In any event, while there may be a case out there based on post-sale duty to warn that does not need expert testimony, this does not appear to be one of them. In this case, an expert would be extremely useful in ascertaining the adequacy and timing of Harley-Davidson's recall investigation and eventual recall of the clutch system. For example, an expert is needed to opine on exactly when Harley-Davidson had specific, concrete knowledge that the clutch system was a defect that clearly implicated the safety of the motorcycles-not simply that there may be an issue with the clutch system that could use updating.
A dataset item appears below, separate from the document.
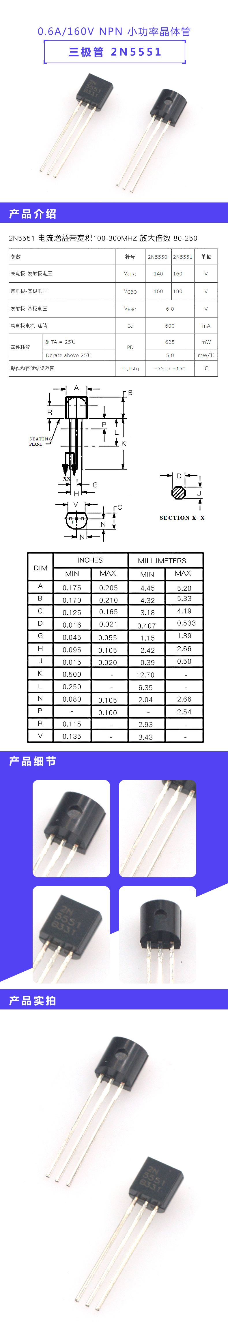 TaoTimeClub transistor 2N5551 0.6A/160V NPN low power 10 pieces

Such evidence is needed to impose a post-sale duty to warn pursuant to Walton, 610 A.2d at 459, in which the duty was based on the defendant's "subsequent, undisputed knowledge of the defect." See also Lynn, 894 F.Supp.2d at 642 (Walton claim fails for lack of evidence that defendant had "actual, concrete, and undisputed knowledge" of specific safety defect in golf carts).
Dr. Hallman was able to opine based on the complete factual record (including Conklin's crash) that the clutch defect constituted a serious safety issue. (Doc. 32-9). But, for the failure to warn claim, expert testimony is needed for the jury to understand precisely when Harley-Davidson had knowledge that the clutch failure constituted a serious safety issue, potentially implicating its post-sale duty to warn its customers. An expert could also opine on the progression of the recall investigation in relation to industry or administrative standards: e.g., Did Harley-Davidson follow accepted procedure when investigating the clutch failure, or did it impermissibly drag its feet throughout? Should Harley-Davidson have warned all of its customers of a clutch issue when it became aware of one alleged crash in Korea that apparently involved a clutch malfunction (Doc. 32-5), or was its warning after months of testing and field data analysis adequate when measured against industry standards? This testimony and the like would be seriously helpful to a jury but is completely absent here.
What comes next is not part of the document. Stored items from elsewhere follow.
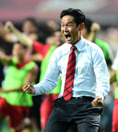 2014.07.12 21: 04환호하는 최용수 감독, '뒤로 넘어질라'
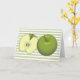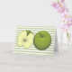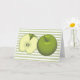 Dieses Design besteht aus zwei glänzenden grünen Äpfeln (einer halblänglich geschnitten) auf einem horizontal gestreiften Hintergrund.
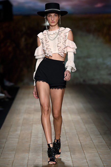 Укороченная блуза с рюшами в стилистике фламенко отлично смотрится с шортами с высокой талией.
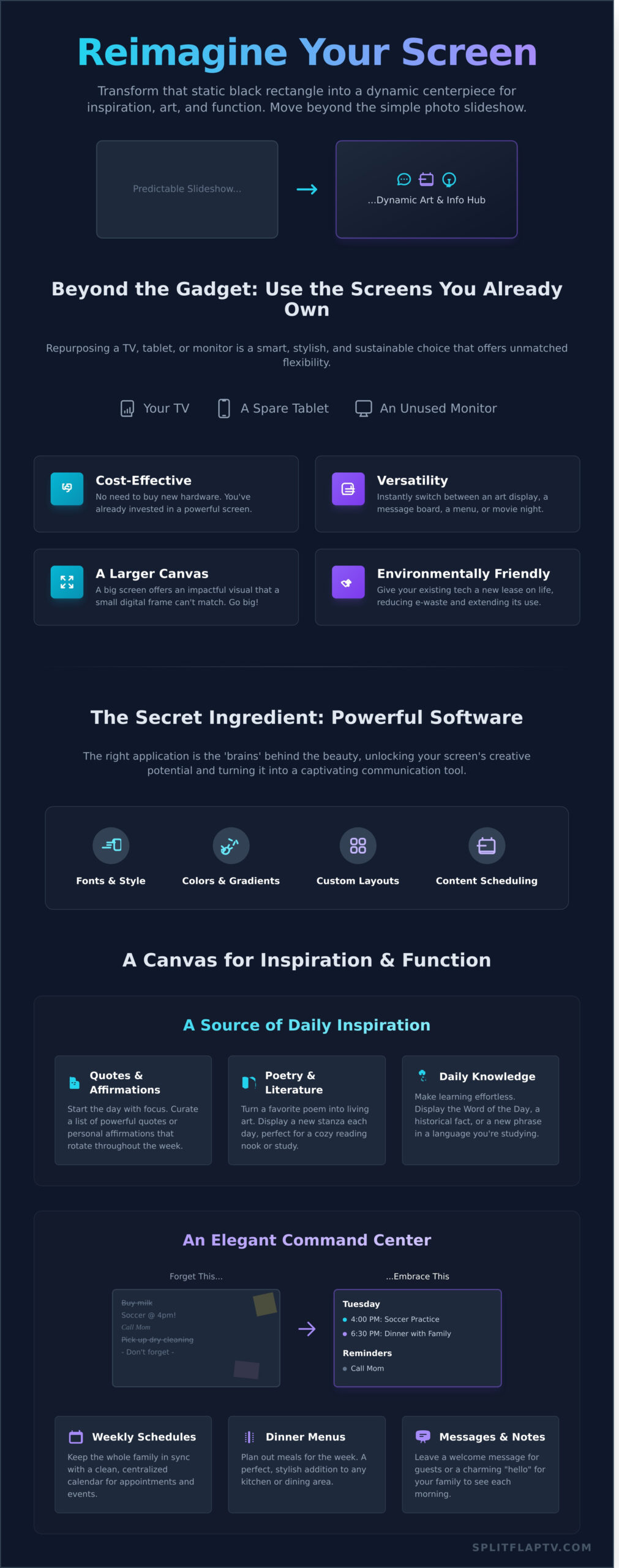 It’s time to move beyond the endless cycle of vacation photos. We’re here to help you reimagine what a screen can be. This guide is packed with stylish and clever ways to transform your display into a dynamic piece of art, a source of daily inspiration, or a charming message board with a dose of retro cool. You’ll discover how to breathe new life and personality into your space, making it more functional and endlessly fascinating-all by using the screens you already own in an elegant new way.

Absent expert testimony, the hypothetical jury is left with the evidence of Harley-Davidson's recall investigation, which lasted approximately from April 2018 to October 2018 and culminated in a recall, but no evidence or expert opinion suggesting the investigation was untimely, inadequate, or otherwise violated a purported post-sale duty to warn.
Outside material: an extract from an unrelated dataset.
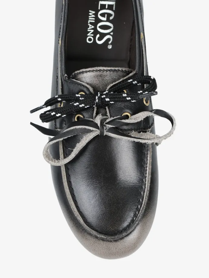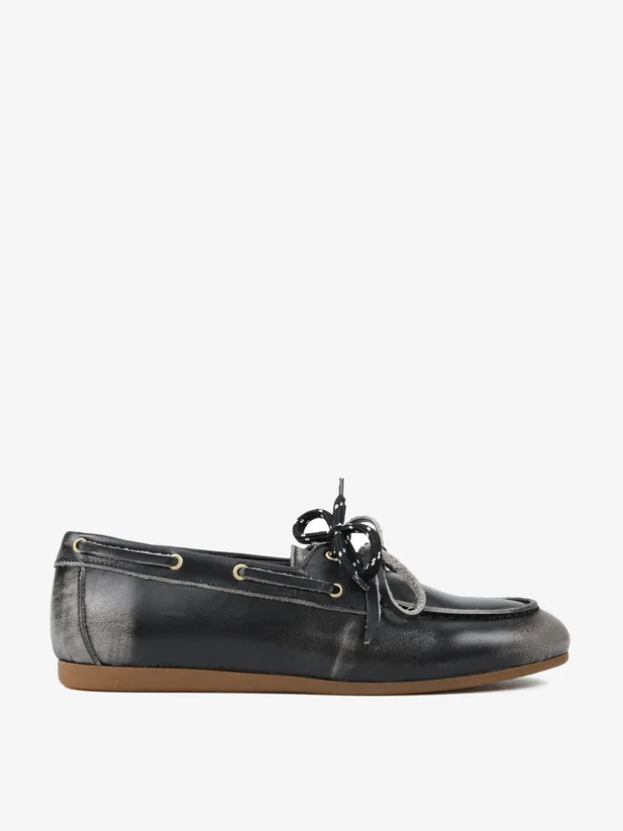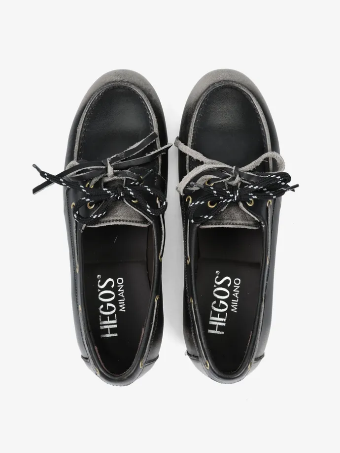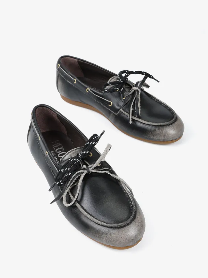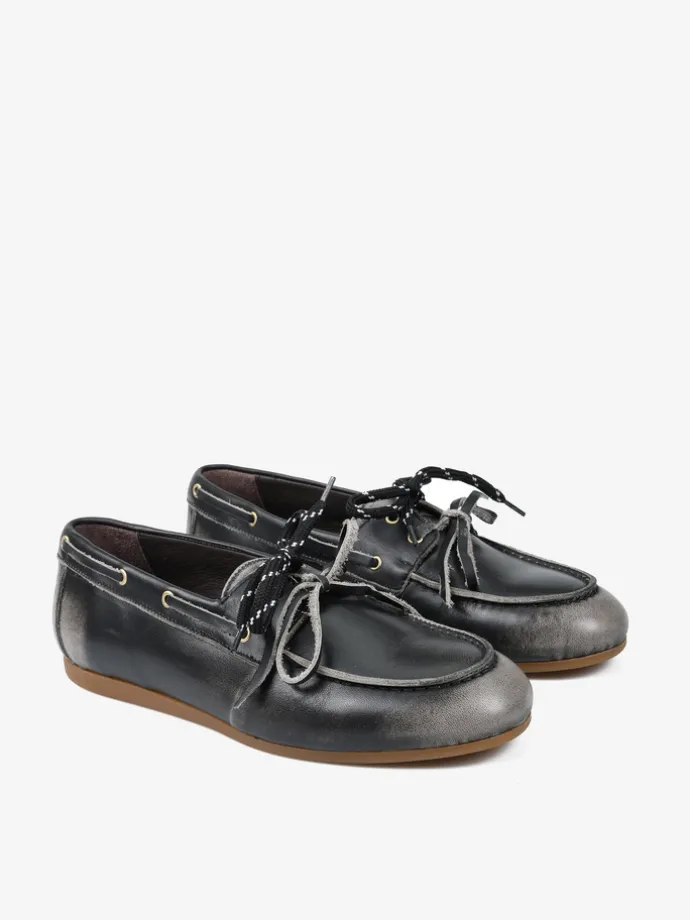 Mokasyny wykonane ze skóry z efektem sprania, z wiązaniem pozwalającym na idealne dopasowanie. Dodatkowa para czarnych sznurowadeł.

Therefore, the court finds summary judgment is appropriate in Harley-Davidson's favor. Summary judgment is thus also appropriate on Conklin's claim for punitive damages, which is based on Harley-Davidson's failure to warn. Lastly, Conklin concedes his failure to test claim, for which the court will also enter summary judgment in Harley-Davidson's favor.
IV. Conclusion
In light of the foregoing, Haley-Davidson's motion for partial summary judgment (Doc. 29) is GRANTED in part and DENIED in part. The motion is DENIED with respect to Conklin's manufacturing defect claim and GRANTED with respect to Conklin's failure to warn/communicate, failure to test, and punitive damages claims. An appropriate order follows.